Lewis Bedford

Personal information
- Full name: Lewis Bedford
- Date of birth: 26 May 1899
- Place of birth: Castle Bromwich, England
- Date of death: 29 June 1966 (aged 67)
- Place of death: Birmingham, England
- Height: 5 ft 6+1⁄2 in (1.69 m)
- Position: Outside forward

Senior career*
- Years: Team / Apps / (Gls)
- 1920–1922: West Bromwich Albion / 3 / (0)
- 1922–1925: Walsall / 97 / (5)
- 1925–1926: Sheffield Wednesday / 11 / (2)
- 1926–1927: Walsall / 23 / (6)
- 1927–1928: Nelson / 32 / (7)
- 1928: Walsall / 16 / (1)
- 1928–1929: Luton Town / 49 / (15)
- 1929–1931: Walsall / 6 / (1)
- Total:  / 237 / (37)

= Lewis Bedford (footballer) =

English footballer (1899–1966)

Lewis Bedford (26 May 1899 – 29 June 1966) was an English professional footballer who played as an outside forward. He started his career with West Bromwich Albion, whom he joined as an amateur in November 1920. In March 1921, Bedford signed professional terms with the club but made only three senior appearances for the side before joining Walsall in 1922. In the first of four spells with Walsall, Bedford played 97 league matches before joining Sheffield Wednesday in August 1925 for a transfer fee of £575 (£ as of ). He scored 2 goals in 11 appearances for the Hillsborough outfit as they won the Football League Second Division at the end of the 1925–26 campaign.

In the summer of 1926, Bedford returned to Walsall for a fee of £200 (£ as of ). He played a total of 26 matches and scored 3 goals for the side before moving to Football League Third Division North rivals Nelson midway through the season. He made his Nelson debut on 12 March 1927, scoring twice in the 7–0 victory away at Accrington Stanley. Bedford kept his place in the team for the remainder of the campaign, and added to his goal tally with strikes against Barrow and Chesterfield.

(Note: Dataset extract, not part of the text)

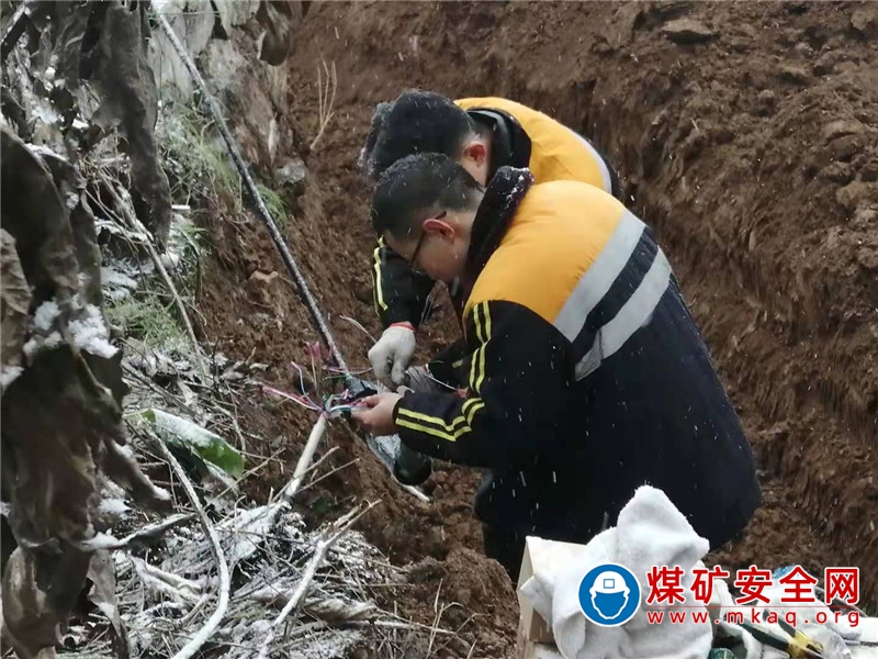 寶麟電務段段長在得到搶修命令後,立即組織通信班組整理應急搶修工器具、設備備件、挖掘工具等,出發前往鳳翔二廠k0+100處進行故障搶修。中午12點20分,搶修人員抵達鳳翔二廠,對斷裂電纜進行挖掘和初步檢查,判斷電纜完全斷裂。在對現場進行安全防護措施期間,立即通知電力班組和信號班組進行配合搶修。隨即通信、電力、信號三個班組人員對電纜挖斷處進行挖掘,進一步更深入仔細的檢查並進行故障搶修,這是一場與雨雪鬥爭、與時間賽跑的搶修工作。早一分鍾恢複通訊電纜,就早一分鍾確保電煤正常運輸。
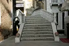 Ponte dei Consorzi, front entry of Palazzo Cappello Trevisan in Venice.

He remained the club's first-choice outside left going into the 1927–28 season and scored the winning goal in a 2–1 win away at Southport on 17 September. Bedford lost his starting berth following the 1–9 defeat to Bradford City, Nelson's heaviest defeat during their ten seasons in the Football League, on 12 November 1927. He was recalled to the side three matches later, and scored his last Nelson goal in the 1–1 draw with Tranmere Rovers on 27 December. His last appearance for the Seedhill club came two games later, in the 1–6 loss to Crewe Alexandra on 1 January 1928.

The following month, Bedford returned to Walsall for a third spell with the club. His stay was short however, as he scored once in 16 league matches before moving to Luton Town two months later. While at Luton, he played alongside fellow former Nelson players John Black and Harry Abbott, and enjoyed the most prolific goal-scoring period of his professional career, netting 15 goals in 49 appearances for the Bedfordshire club. In December 1929, he moved back to Walsall for a fourth and final time, but did not feature regularly for the first team. He was restricted to six league matches before leaving in 1931 to move into non-league football with the Bloxwich Strollers. Bedford went on to play amateur football until the age of 40, eventually retiring in June 1940 following a spell with Walsall Wood. After football, he worked as a foreman for a mineral water company.